Il giudizio iniquo del sinedrio poteva contare sulla voce dei «molti falsi testimoni» convocati per mandare a segno il proposito omicida. Nel coro delle voci maligne, oltre a quelle dei giudici iniqui spuntano anche le voci dello scherno e della delazione. Le voci dello scherno, anzi, – «Fa’ il profeta per noi, Cristo! Chi è che ti ha colpito?» – si raggrumano nella saliva di chi gli sputa in faccia e lo percuote nei pugni.
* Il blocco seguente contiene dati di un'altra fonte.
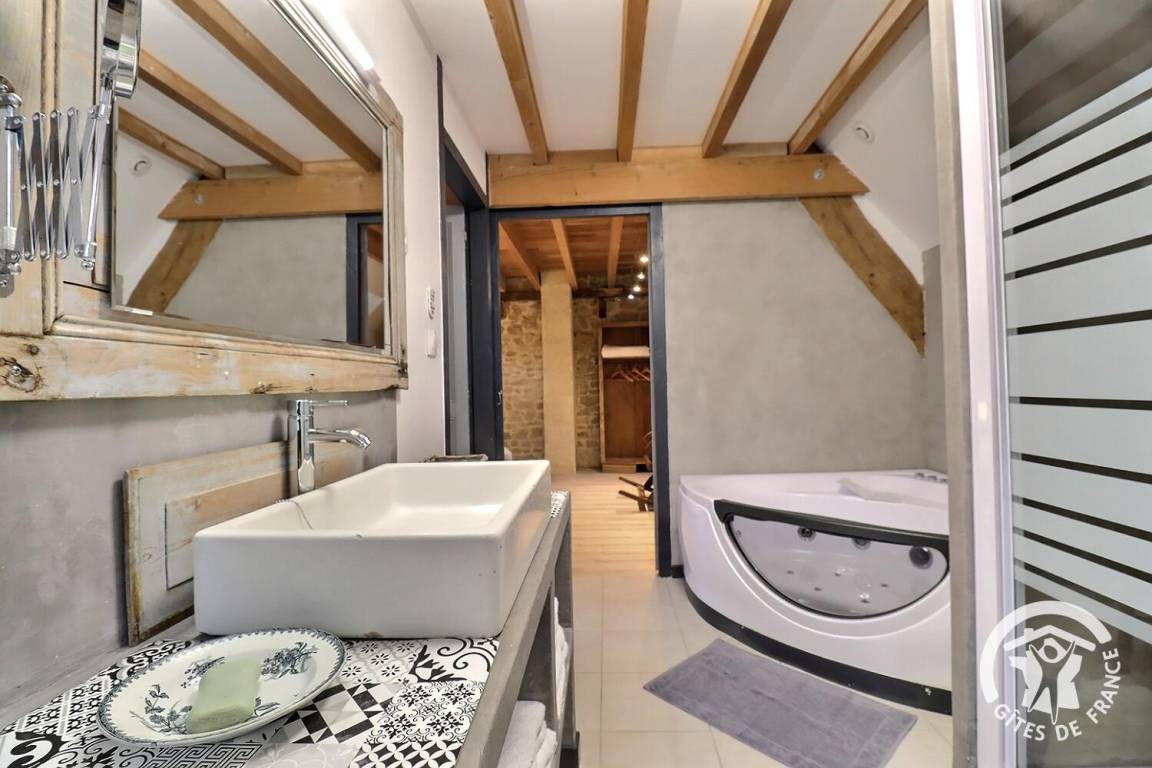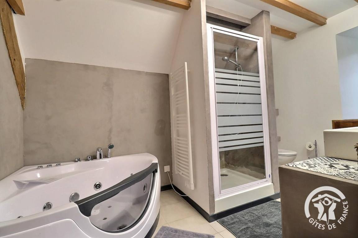 - ein Badezimmer, das die beiden Schlafzimmer verbindet, mit Whirlpool-Badewanne, Dusche und WC.

Le voci dei delatori sono quelle delle serve e degli altri presenti che, scorgendo Pietro nel cortile, rendono pubblica la sua identità. La gente, si sa, teme il potere e lo serve. La convulsione delle voci impedisce ormai a Gesù di parlare. Egli, sapendo ormai di non avere più nessun ascolto, affonda nel silenzio il suo ultimo messaggio d’amore: «Gesù taceva». Quel suo eloquente silenzio non sembra scalfire la sordità di tutti, che anzi, ancor più alzano la voce: «Non rispondi nulla? Che cosa testimoniano costoro contro di te?». Eppure il silenzio amoroso di Gesù comincia già a far breccia anche nei cuori che si erano irrigiditi nel non volerlo ascoltare. Al canto del gallo «Pietro si ricordò della parola di Gesù, che aveva detto: “Prima che il gallo canti, tu mi rinnegherai tre volte” e, uscito fuori, pianse amaramente».